Das ‚Erbe‘ des deutschen Gesundheitswesens? Zum medizinethischen Potenzial eines umstrittenen Begriffs
Das ‚Erbe‘ des deutschen Gesundheitswesens? Zum medizinethischen Potenzial eines umstrittenen Begriffs
Niklas Ellerich-Groppe
Abteilung Ethik in der Medizin, Department für Versorgungsforschung, Carl von Ossietzky Universität Oldenburg
Während vermehrt über die intergenerationell gerechte Ausgestaltung des Gesundheitswesens in der Zukunft diskutiert wird, spielt das Gewordensein des Gesundheitswesens in diesen Debatten nur eine untergeordnete Rolle. So bleibt die Frage, welches Erbe die vergangenen Generationen den heutigen und zukünftigen in den Praktiken, Institutionen und Strukturen des Gesundheitswesens hinterlassen (sollten), weitgehend unberücksichtigt. Mehr noch: Obwohl das (angemessene) Tradieren von Gütern, Institutionen und Strukturen anderswo regelmäßig als ‚Erbe‘ verhandelt wird, ist das analytische Potenzial dieses Begriffes für die Medizinethik erst wenig diskutiert worden.

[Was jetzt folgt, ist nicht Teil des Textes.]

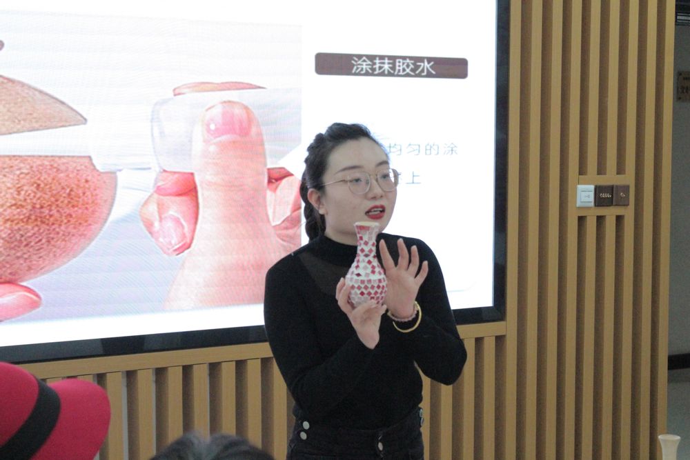 在柔和的灯光下,大家化身“艺术家”,将玻璃瓶、马赛克、贝壳等材料巧妙组合。有的作品清新淡雅,仿佛春日里的一缕微风;有的作品绚丽多彩,宛如夏日的繁花盛景。每一件作品都承载着她们的巧思与心意,展现了女性独有的细腻与创造力。活动现场,欢声笑语交织,温馨氛围弥漫,大家互相欣赏作品,分享创作心得,其乐融融。

Dieses medizinethische Potenzial des Begriffes ‚Erbe‘ für eine intergenerationell gerechte Ausgestaltung des Gesundheitswesens zu entfalten, ist Ziel des Beitrags.
Zuerst wird eine Analyse des Begriffs ‚Erbe‘ geboten, in der eine systematische – am kulturwissenschaftlichen Begriff orientierte – Aufschlüsselung seiner einzelnen begrifflichen Elemente und der korrespondierenden moralischen Implikationen erfolgt. Die formale Bestimmung, wonach ein Kollektiv die Gesamtheit materieller und immaterieller Kulturgüter tradiert, wird dann anhand dreier Fallbeispiele aus unterschiedlichen Feldern auf das deutsche Gesundheitswesen übertragen. Mit Blick auf das Erbe der ‚medizinischen Experimente‘ im NS-Regime (Forschungsethik), tradierte kulturelle Praktiken und Rollenbilder in der gesundheitlichen Versorgung (klinische Ethik) und die solidarisch finanzierte Gesundheitsversorgung (Public-Health-Ethik; Sozialpolitik) werden die Möglichkeiten und Limitationen einer medizinethischen Anwendung des Erbbegriffs und die entsprechenden moralischen Implikationen illustriert. Während der Begriff etwa für die Definition des Inhalts und Umfangs des Erbes sowie die Bestimmung der relevanten Rechte und Pflichten hilfreich ist, erweist sich die Definition der (ver)erbenden moralischen Akteure als Herausforderung.
In der abschließenden Diskussion wird zur Bearbeitung dieses Problems der Generationenbegriff vorgeschlagen, der sich bereits in anderen Anwendungskontexten – etwa in Diskussionen zu historischer Gerechtigkeit – bewährt hat. So erweist sich trotz aller Defizite das ‚Erbe‘ schließlich als Kategorie mit hohem analytischem Potenzial, das v.a. in der zeitlichen Kontextualisierung medizinethischer Fragestellungen liegt.